Gerçek kayboldu. Gerçek-sonrası dünyada yaşıyoruz ve bu olgu hayatımızın her yönünü tepeden tırnağa etkiliyor. İnsanlar gündelik hayatları içinde ne kadar farkındadır bilmem ama sanallığın bu derecede ilerlediği ortamda insanın yanılsamayla, sanrıyla ilişkisi engelleyemeyeceği şekilde gerçekle kurduğu ilişkinin ötesine geçecektir. İnsan artık gerçeği arayan bir yaratık mıdır ondan da emin değilim. Kaldı ki, gerçek ne?

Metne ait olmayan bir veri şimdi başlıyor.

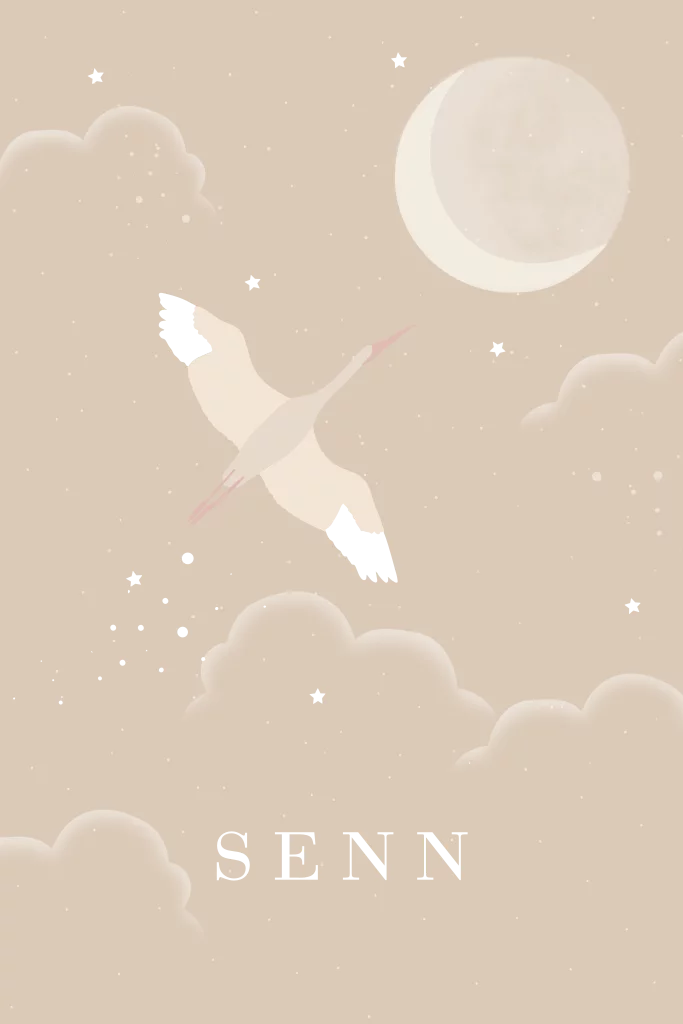Mooi geboortekaartje met vliegende ooievaar in beige kleuren in de wolken met een maan - de vleugels staan los van het lijfje van de ooievaar, dus zet eventueel de vleugels in een andere kleur. Pas de kleur achtergrond gemakkelijk aan in de editor. Hulp nodig? Wij helpen je altijd graag!

Son kertede ve büyük ölçüde konvansiyonların oluşturduğu temel kabulleri gerçek kabul ediyoruz. Gerçeğin aranması öncelikle o yerleşik yapının ve benimsenmiş, Flaubert’in tabiriyle ‘kabul edilmiş kanaatlerin’ ötesine geçmeyi gerektiriyor. Felsefe binlerce yıl bu yolu yürüdü. Eğer yeni bir gerçeklik bulma çabasında değilse, artık felsefenin de geriye itildiği bir çağdayız demektir. Durum tamamen böyle. Sosyal medyanın hakim olduğu, körlerin körlere yol gösterdiği, yani kabule dilmiş kanaatla yaşamanın ilke olarak benimsendiği bir dünyada birisi kalkacak da yeni bir önermede bulunacak... O dünyayı yaşadık, bitti.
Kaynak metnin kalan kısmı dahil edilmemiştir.